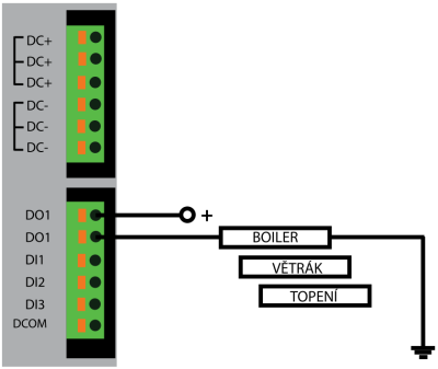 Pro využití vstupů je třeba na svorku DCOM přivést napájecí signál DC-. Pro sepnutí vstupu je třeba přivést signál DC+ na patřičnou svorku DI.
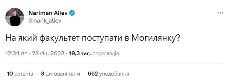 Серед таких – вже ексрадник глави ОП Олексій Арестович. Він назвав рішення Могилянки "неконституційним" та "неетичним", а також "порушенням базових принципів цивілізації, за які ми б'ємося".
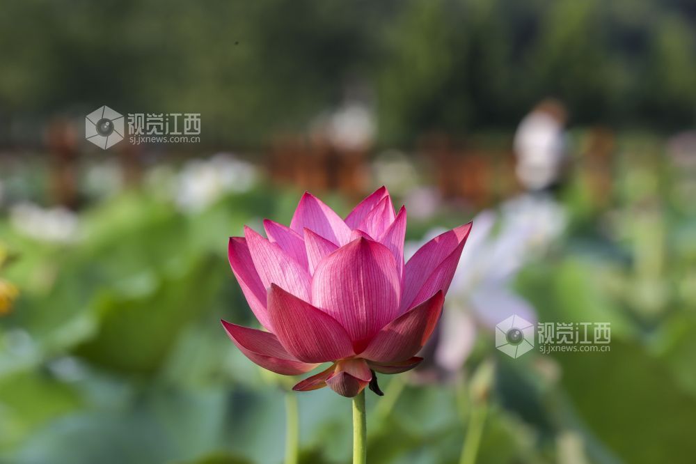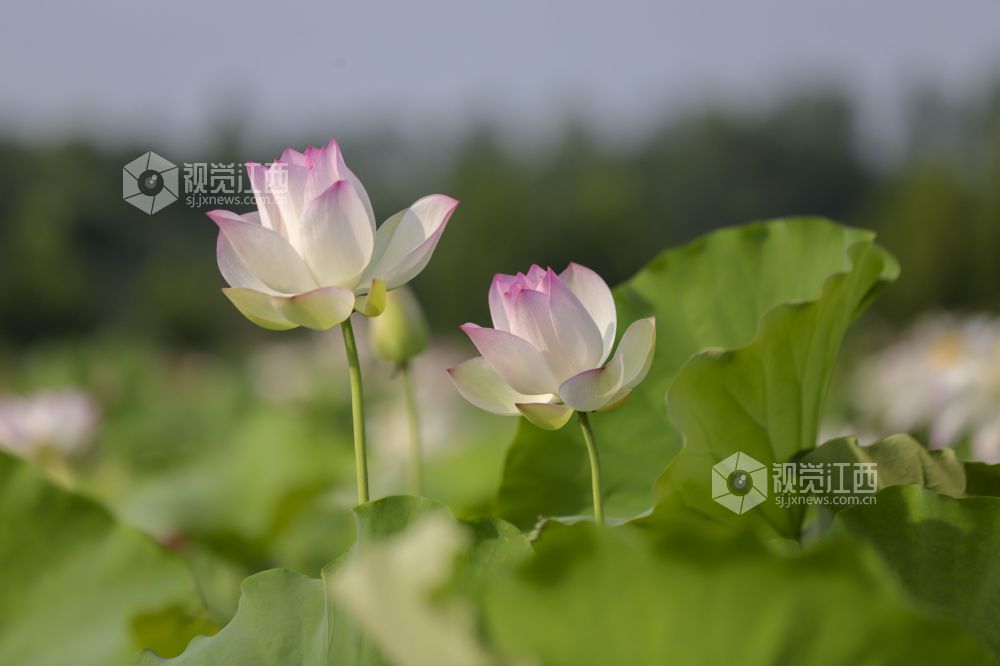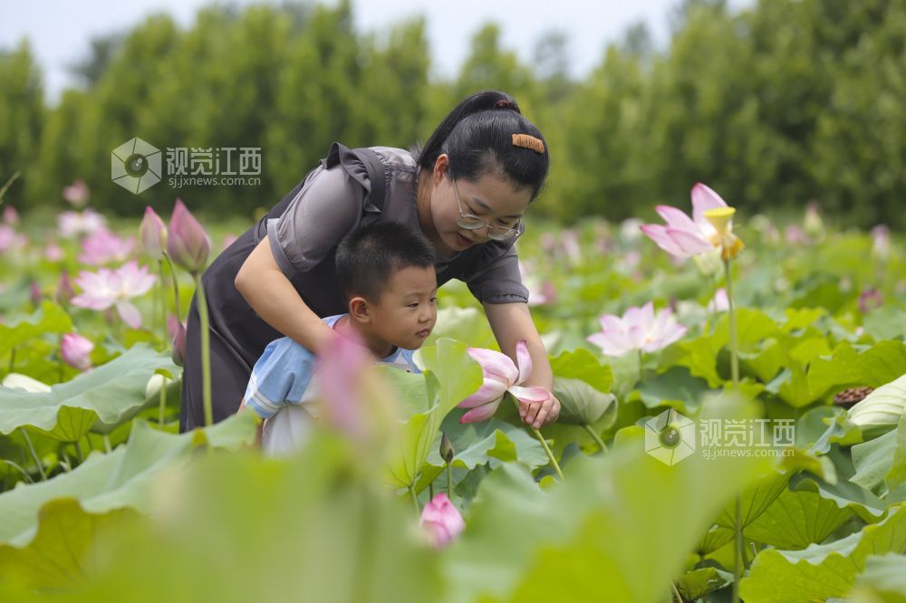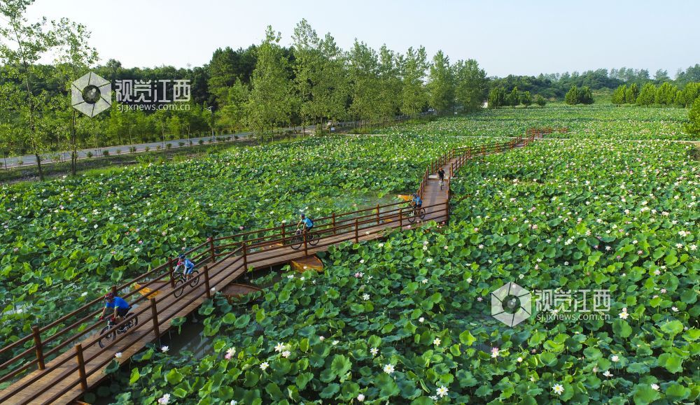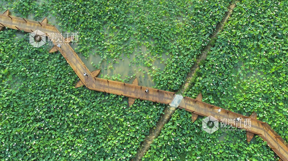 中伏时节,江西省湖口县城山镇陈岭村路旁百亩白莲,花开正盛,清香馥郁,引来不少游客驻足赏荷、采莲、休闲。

> ASSIGNED TASK: Copy out every line of the material above precisely, omitting the pictures.

> TASK ANSWER:
 Pro využití vstupů je třeba na svorku DCOM přivést napájecí signál DC-. Pro sepnutí vstupu je třeba přivést signál DC+ na patřičnou svorku DI.
 Серед таких – вже ексрадник глави ОП Олексій Арестович. Він назвав рішення Могилянки "неконституційним" та "неетичним", а також "порушенням базових принципів цивілізації, за які ми б'ємося".
 中伏时节,江西省湖口县城山镇陈岭村路旁百亩白莲,花开正盛,清香馥郁,引来不少游客驻足赏荷、采莲、休闲。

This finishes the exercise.